Was fehlt, ist die Presse. Nur die Süddeutsche ist da, sonst niemand. Zur gleichen Zeit geben in München die Freien Wähler eine Pressekonferenz, und eine Gruppe, die bereits im Landtag sitzt, ist halt berichtenswerter als eine, die erst im Herbst 2013 dorthin und in den Bundestag kommen will - und es womöglich nicht einmal schafft, nach derzeitigen Umfragen jedenfalls.

Doch Kramm ist keiner, der sich in seinem Enthusiasmus so leicht bremsen lässt. "Trotz der aktuell sinkenden Umfragewerte verspreche ich euch: Sobald die grauen Fratzen der etablierten Parteien von den Wahlplakaten drohen, werden wir mit unserer erfrischenden Vielfalt nach oben schießen", das hat er vor zwei Wochen bei der Listen-Aufstellung den Bayern-Piraten zugerufen. Die machten diesen Optimisten prompt zum Spitzenkandidaten.

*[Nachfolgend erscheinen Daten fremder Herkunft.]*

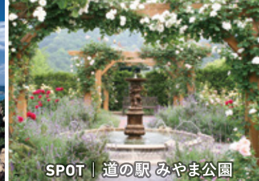
SPOT | 道の駅 みやま公園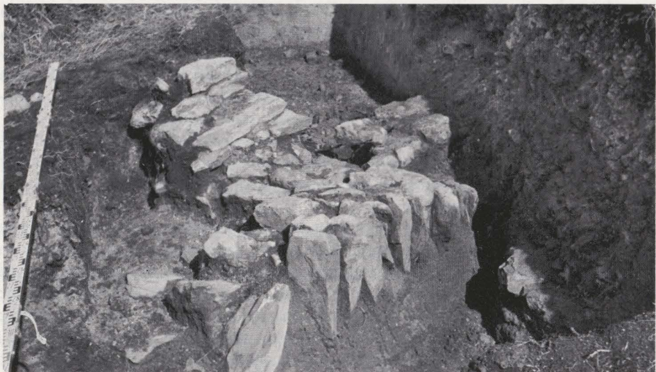
Fig. 66. — De noordwesthoek van de donjon.

ving van het centrum van het motteplateau in noordelijke richting met zich mee; vermoedelijk ook de reden waarom bovengenoemd gebouw thans op de rand van de zuidelijke helling van de motte ligt en waarom er geen sporen van de zuidelijke helft van het gebouw schijnen bewaard te zijn. De nivellering

Themen statt Personalquerelen

Der mag sich gar nicht lange mit den Streitereien aufhalten, mit denen die Oberpiraten im Bund gerade das Ansehen der einstigen Senkrechtstarter zum Absturz bringen. Gut, "der ein oder andere hat sich wohl übermannen lassen, sich über Personaldinge sehr emotional zu äußern", sagt Kramm. Er fügt eine Formel an, in die sich auch als etabliert gescholtene Parteien gerne retten: "Der Streit ist vorbei, wir kümmern uns um Inhalte." Und damit sollten sich doch auch die Journalisten lieber befassen als mit partei-internem Knatsch, mit etwas "Fingerspitzengefühl" bitteschön für die neue Form der Piraten, Politik zu machen.

Kramm redet auf Medien ein, und er schimpft auf die Grünen, bei denen er lange Mitglied war. Nun wirft er ihnen "etabliertes, konservatives Spießertum" vor. Er wirbt für das "Prinzip der Teilhabe", in dem er den Kern piratischer Politik sieht - und immer redet er schnell, gestenreich, bildhaft und mit freundlicher Verve. Und er weiß dabei sehr wohl, dass es durchaus darauf ankommen wird, welche Köpfe für die Piraten stehen; ihre Inhalte entwickeln sich ja erst im Netz. Er sagt: "Es ist klar, dass wir zu den Wählern gehen müssen." Bruno Kramm wird demnächst noch öfter sehr früh aufstehen.